- Directed by: R Ayyanar
- Written by: R Ayyanar
- Produced by: Ayyapan
- Starring: Kishore DS Meghana
- Cinematography: Pandi Arunachalam
- Music by: Jude Liniker
- Production companies: APK Films Jai Sneham Films
- Release date: 3 November 2017;
- Running time: 135 minutes
- Country: India
- Language: Tamil

= Uruthikol =

2017 Indian Tamil-language film by R Ayyanar

Uruthikol is a 2017 Tamil language action film written and directed by R Ayyanar, with Kishore and Meghana in the lead roles. The screenplay revolves around a school student dropped out from his school who finds his sister kidnapped by some criminals and how he seeks to rescue her.

== Plot ==
Sasikumar, a school student, is doing his higher studies in a secondary school. He suddenly falls in love with Priyanka. After long, they get caught by their teachers in their classroom. Finally, their love story is revealed, and the principal suspends Sasi from the school. After Sasi drops out, the love between him and Priyanka grows. One day, Sasi took his sister Yasodha, to the village temple festival with his family. Suddenly, a bad guy teases Yasodha. Sasi started a fight with him and saved his sister. After a few years passed, another gang emerged, and they perform illegal activities, such as chain snatching and raping. One day, Priyanka and Yasodha went to the village temple festival. On that occasion, the members of the second gang are trying chain snatching and raping to Sasi's beloved ones. Sasi appears at that place and rescues both of them from the second gang.

After a few days passed, Yasodha and Priyanka are by someone else. Sasi is trying to find the person who had done this to his beloved ones. On his first attempt, he finds out the truth that the second gang is a part of the issue. He fights with the second gang and assaults them.

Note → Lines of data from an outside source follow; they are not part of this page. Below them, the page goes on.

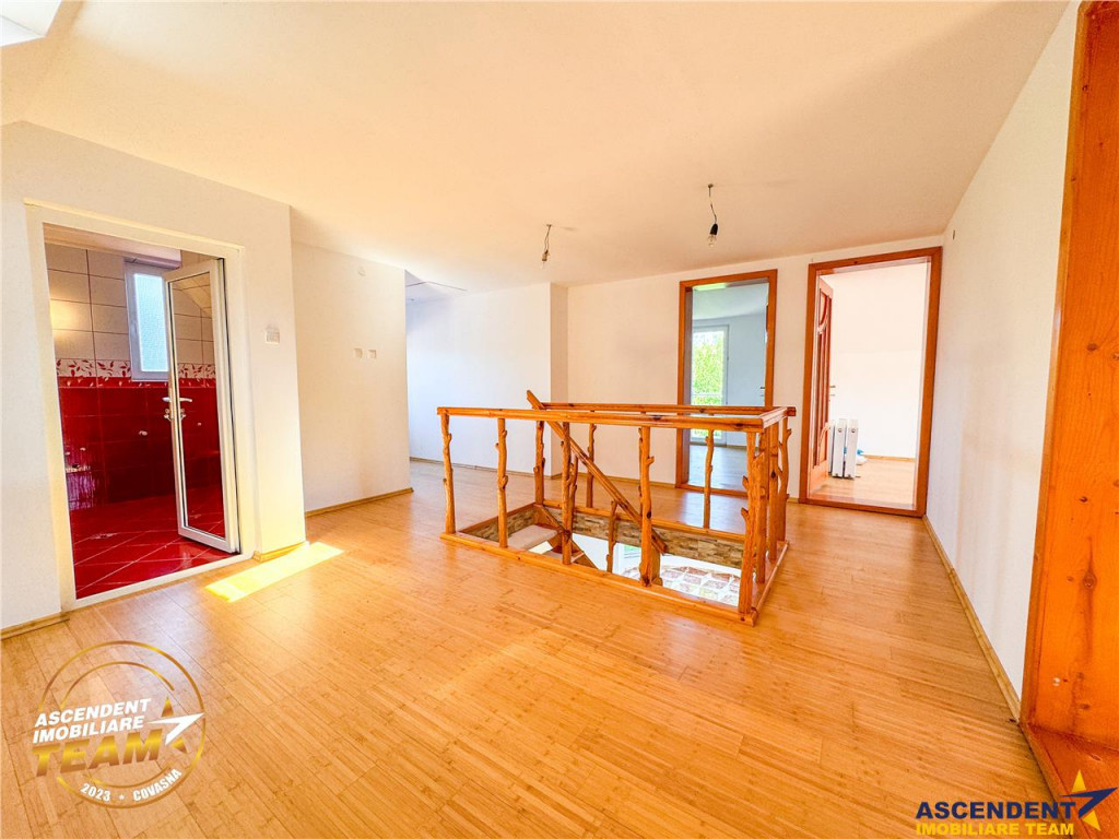 Comision cumparator:0% ASCENDENT IMOBILIARE COVASNA va propune o oportunitate rezidential-investitionala, in inima statiunii Covasna, valorizata printr -o casa noua, nelocuita, ce imbina confortul modern cu beneficiile naturale ale unei locatii terapeutice de exceptie. Va invitam sa experimentati o vizionare initiala, din locatia unde va aflati, chiar acum, prin accesarea filmului de prezentare: https://www.youtube.com/watch?v=40acXjmGdqg Proprietatea ofera o experienta de locuire completa: spatii generoase si luminoase, compartimentare practica, curte proprie, posibilitate de extindere si independenta energetica. Este recomandata pentru familie, retreat, business turistic sau rezidenta permanenta intr-un cadru verde si linistit. Constructia solida (cadre din beton armat si zidarie de caramida) garanteaza siguranta si durabilitate in timp. Dispunerea proprietatii: Demisol: garaj, spatiu de depozitare si camera tehnica ndash; perfect pentru organizare si accesibilitate. Parter: living spectaculos de 58 mp, bucatarie cu camara si baie ndash; zona de zi deschisa si functionala, cu acces facil la exterior. Mansarda: 3 dormitoare spatioase, baie mare si hol ndash; zona de odihna separata, linistita, cu lumina naturala si acces la balcon. Terase si balcoane: 2 terase (una acoperita), 2 balcoane ndash; ideale pentru relaxare si admirarea peisajului. Garaj exterior cu acces din strada. Dotari speciale: sistem fotovoltaic de 6.6 Kw, productie medie anuala 7.12 Mwh ndash; investitie in confort si eficienta pe termen lung. Pozitionata intr-o zona cu resurse naturale unice, Covasna este cunoscuta ca quot;Statiunea celor 1000 de izvoare de sanatatequot;, datorita apelor minerale terapeutice, aerului curat si climatului bland. O destinatie cu potential turistic tot mai apreciat, atat pentru vacante, cat si pentru relocare. Aceast edificiu este o alegere inspirata pentru cei care isi doresc liniste, siguranta si un stil de viata conectat cu natura ndash; fara a renunta la confortul modern. Vecinatea partiei de ski si a viitorului Spa completeaza oferta. Invitam colegii la colaborare: garantam agentului/ agentiei partenere onorariul aferent! Consilier dedicat alesei oferte: doamna Braghesiu Claudia Telefon/ Whatsapp 0745157361 Detalii, fotografii suplimentare si alte oferte similare exclusive: va invitam sa accesati site-ul ascendent.ro
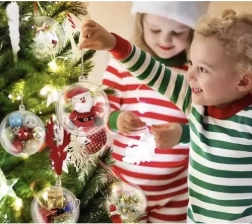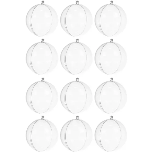 Crea tu propia decoración mágica con bolas de Navidad transparentes que se abren en dos mitades y permiten colocar plumas, purpurina, musgo, confeti o nieve artificial. El material resistente no se astilla, por lo que son ideales para manualidades en familia. El set incluye 12 bolas de 8 cm de diámetro y cordones para colgar, perfectas para decoraciones DIY y un estilo navideño único.
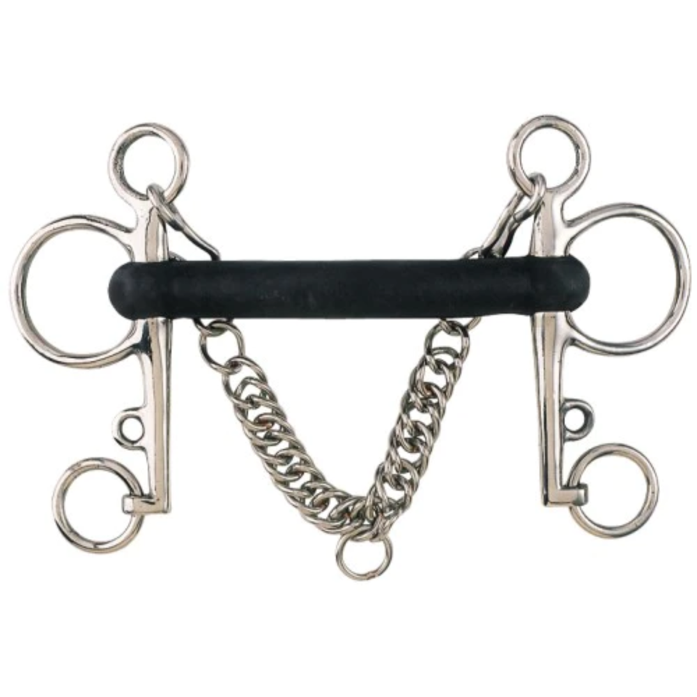 • The mouthpiece is solid steel covered by hard rubber.• Stainless steel bit.
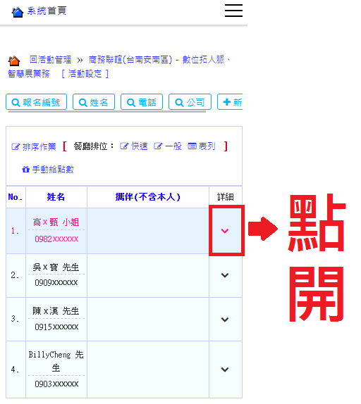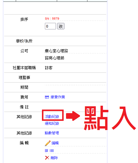 操作路徑:網頁模組 -> 會員管理 -> 活動紀錄
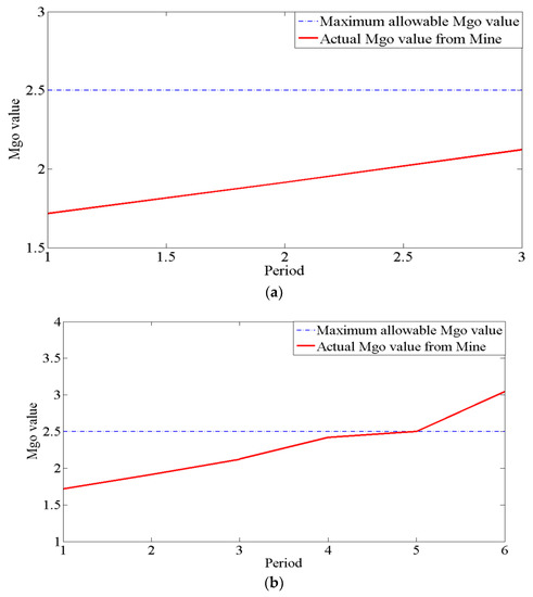 (a) Model 1 MgO value up to three periods with MgO upper bound; (b) MgO value up to 6 periods from Model 1 with upper bound of MgO.
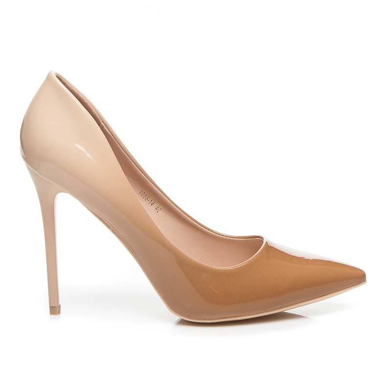 Os scarpins Vices distinguem-se pelo acabamento lacado, o que lhes confere um aspecto elegante, e a delicada transição das cores castanho e bege introduz um toque de modernidade e originalidade. O fecho deslizante facilita a colocação, tornando-os uma escolha conveniente para o dia a dia e ocasiões especiais.
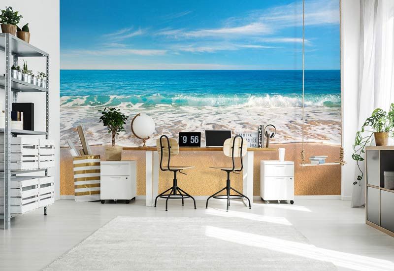 Breng de rustgevende energie van de oceaan in je interieur met ons Fotobehang Blauwe Zee en Strand. Dit betoverende ontwerp toont een ongerepte kustlijn met zacht zand en helderblauw water, wat een kalme en verfrissende sfeer creëert in elke kamer. Ideaal voor badkamers, slaapkamers of woonkamers die een vleugje strand nodig hebben.
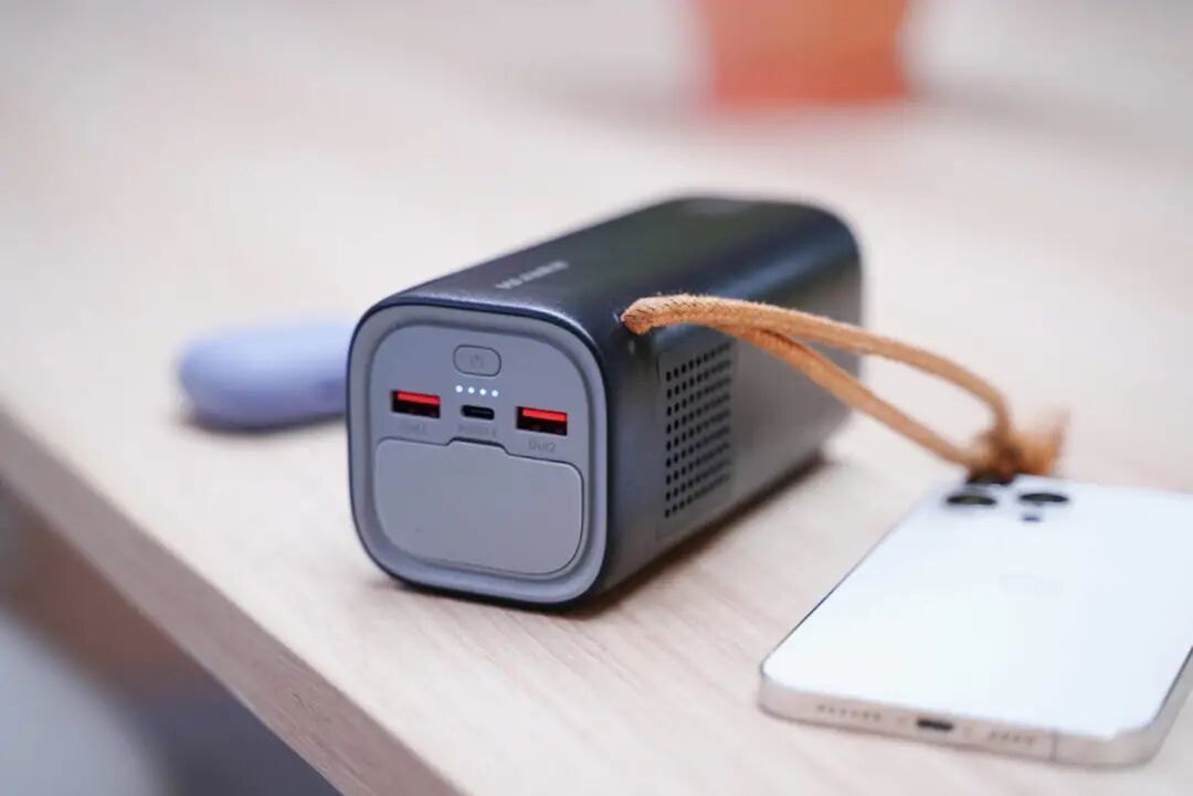 45W快充输出已经可以满足大部分办公笔记本电脑的用电需求,这款户外电源的重点是配备逆变输出接口,对于一些仅配备双插脚的用电器来说,即使USB-C接口功率再高,接口不匹配也无法使用,机身上面的220Vac输出接口可以极大的拓展出产品的使用范围,可以为很多配备双插脚的充电器供电,相较于传输大功率充电宝来说要更加的实用。各个接口各司其职,兼顾不同的用电设备。

He eventually figures out the bad guy who misbehaved with Yasodha on the village temple festival. The fight between Sasi and the bad guy comes to be an end with a heavy cost. Sasi loses his leg during the fight and kills the bad guy. Finally, he rescues Yasodha and Priyanka from the bad guy and is sent to jail for killing the bad guy.

== Cast ==

- Kishore DS as Sasikumar
- Meghana Ellen as Priyanka
- Kai Thennavan as Radhakrishnan
- Kaali Venkat as Munusamy
- M. Kalaiarasi as Yasodha
- Master Sivashankar as Jail Warden
- S. Akilesh as Sudhakar
- Ajay Kumar as Samba
- Madurai Sharmila as Sasi Amma
- Imuki as SI
- Jampothi Arumugam as Constable
- Major Babu as Inspector
- Chezhan Ramasamy as Sellak
- C. Pazhani as Kokku
- J. Ramamoorthy as Kaattuppuseli
- Divya as Easwari
- S. S. Murugarasu as Manna
- Siva as Siva
- S. Chandravanan as Ezhumalai
- Varsha Ravichandran as Angamma
- Panneerselvam as Tamil Teacher
- Kannan Ponnaiah

== Production ==
Kishore DS, known for his role as a child artist, was roped in to play the main lead.

== Release ==
The Times of India gave the film two and a half out of five stars and wrote that "Uruthikol could have been a decent action romance about a happy-go-lucky guy’s progression into a revenge-seeking youngster, like say a Naan Mahaan Alla. But the writing and execution are both amateurish that the film never holds our interest".